Start of Supplied data

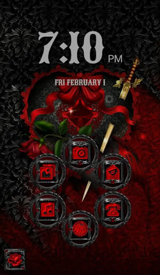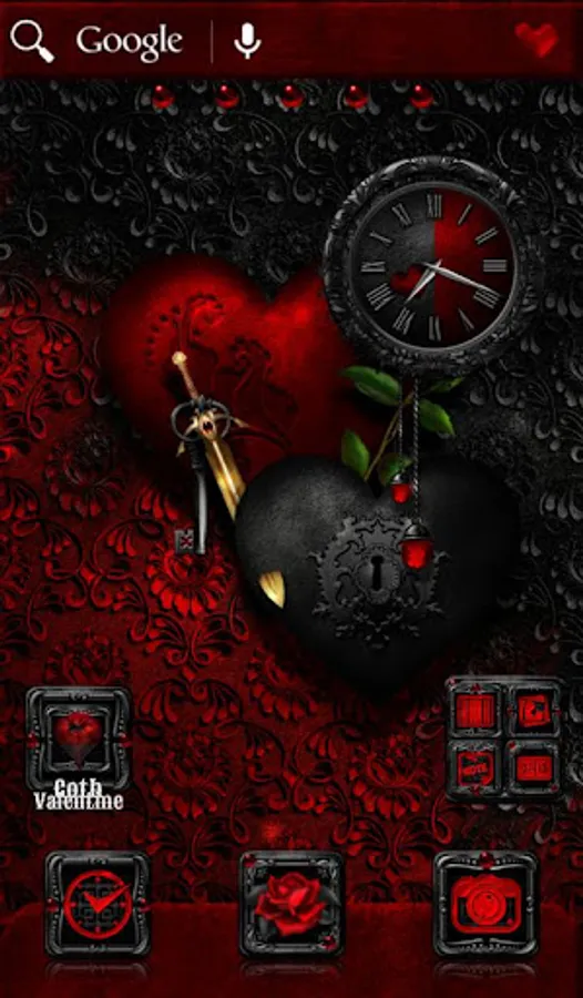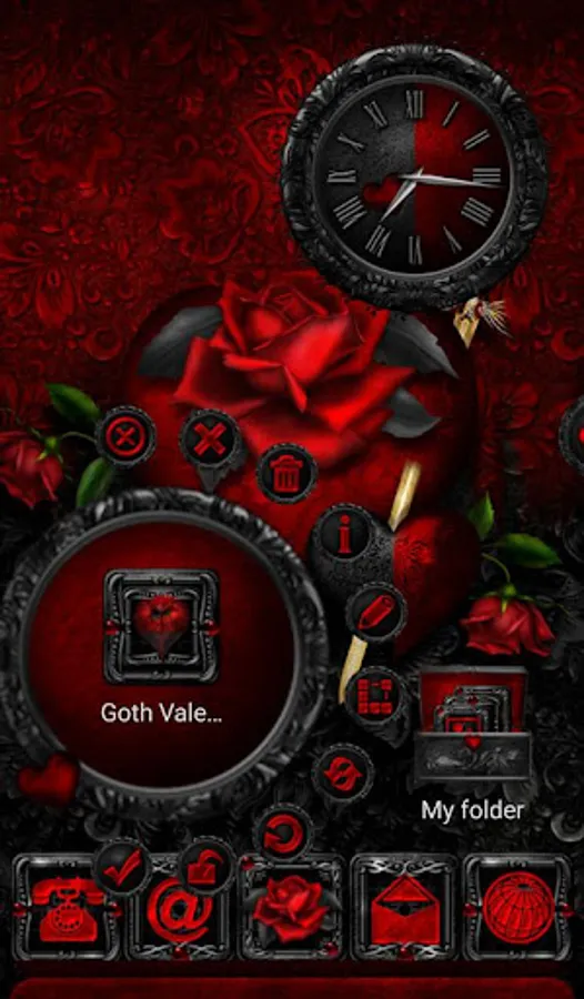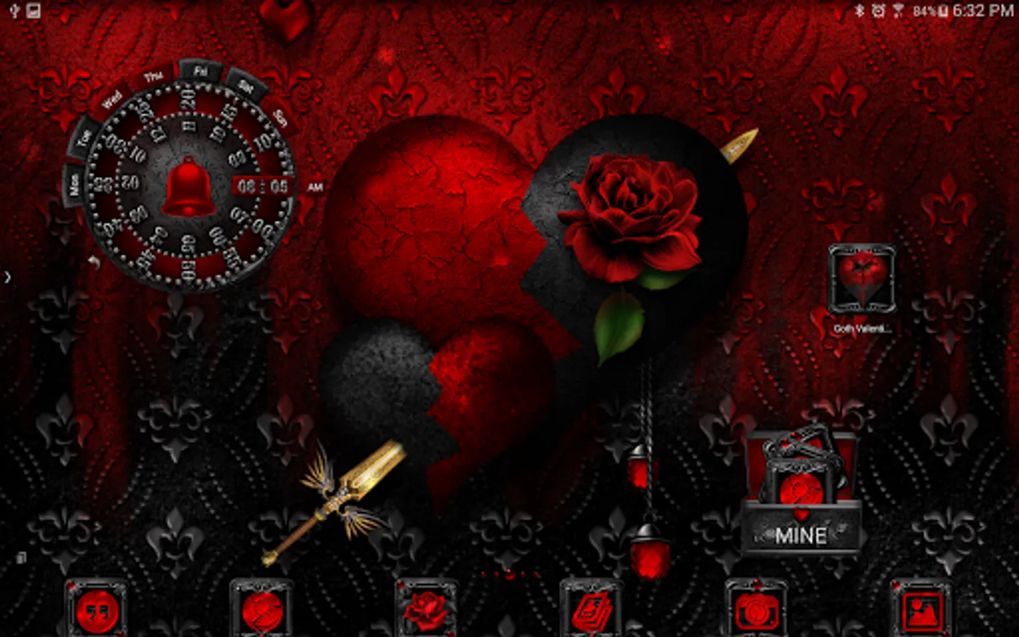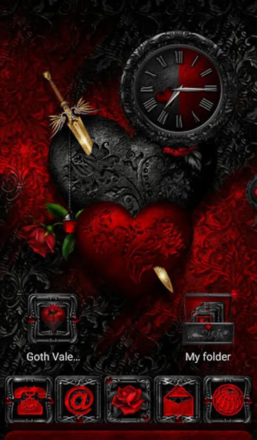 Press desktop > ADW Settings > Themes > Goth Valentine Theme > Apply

End of Supplied data
Start of Supplied data

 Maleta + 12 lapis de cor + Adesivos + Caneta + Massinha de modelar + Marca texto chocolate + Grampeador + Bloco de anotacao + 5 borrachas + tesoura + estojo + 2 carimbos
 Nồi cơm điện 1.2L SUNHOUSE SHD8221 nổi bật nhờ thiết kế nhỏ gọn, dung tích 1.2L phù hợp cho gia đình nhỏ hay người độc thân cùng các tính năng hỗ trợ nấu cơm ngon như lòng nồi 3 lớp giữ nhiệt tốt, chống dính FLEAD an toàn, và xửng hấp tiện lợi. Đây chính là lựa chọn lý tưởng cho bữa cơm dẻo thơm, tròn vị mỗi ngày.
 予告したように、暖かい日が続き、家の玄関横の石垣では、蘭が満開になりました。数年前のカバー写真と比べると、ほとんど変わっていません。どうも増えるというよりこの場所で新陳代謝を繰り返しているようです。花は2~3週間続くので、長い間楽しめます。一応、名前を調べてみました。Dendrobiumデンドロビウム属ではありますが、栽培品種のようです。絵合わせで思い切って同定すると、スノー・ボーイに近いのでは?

End of Supplied data

Print exactly the lines of the listing above starting at the line containing "Nồi cơm điện" and ending at the line containing "予告したように、暖かい日が続", both included.

 Nồi cơm điện 1.2L SUNHOUSE SHD8221 nổi bật nhờ thiết kế nhỏ gọn, dung tích 1.2L phù hợp cho gia đình nhỏ hay người độc thân cùng các tính năng hỗ trợ nấu cơm ngon như lòng nồi 3 lớp giữ nhiệt tốt, chống dính FLEAD an toàn, và xửng hấp tiện lợi. Đây chính là lựa chọn lý tưởng cho bữa cơm dẻo thơm, tròn vị mỗi ngày.
 予告したように、暖かい日が続き、家の玄関横の石垣では、蘭が満開になりました。数年前のカバー写真と比べると、ほとんど変わっていません。どうも増えるというよりこの場所で新陳代謝を繰り返しているようです。花は2~3週間続くので、長い間楽しめます。一応、名前を調べてみました。Dendrobiumデンドロビウム属ではありますが、栽培品種のようです。絵合わせで思い切って同定すると、スノー・ボーイに近いのでは?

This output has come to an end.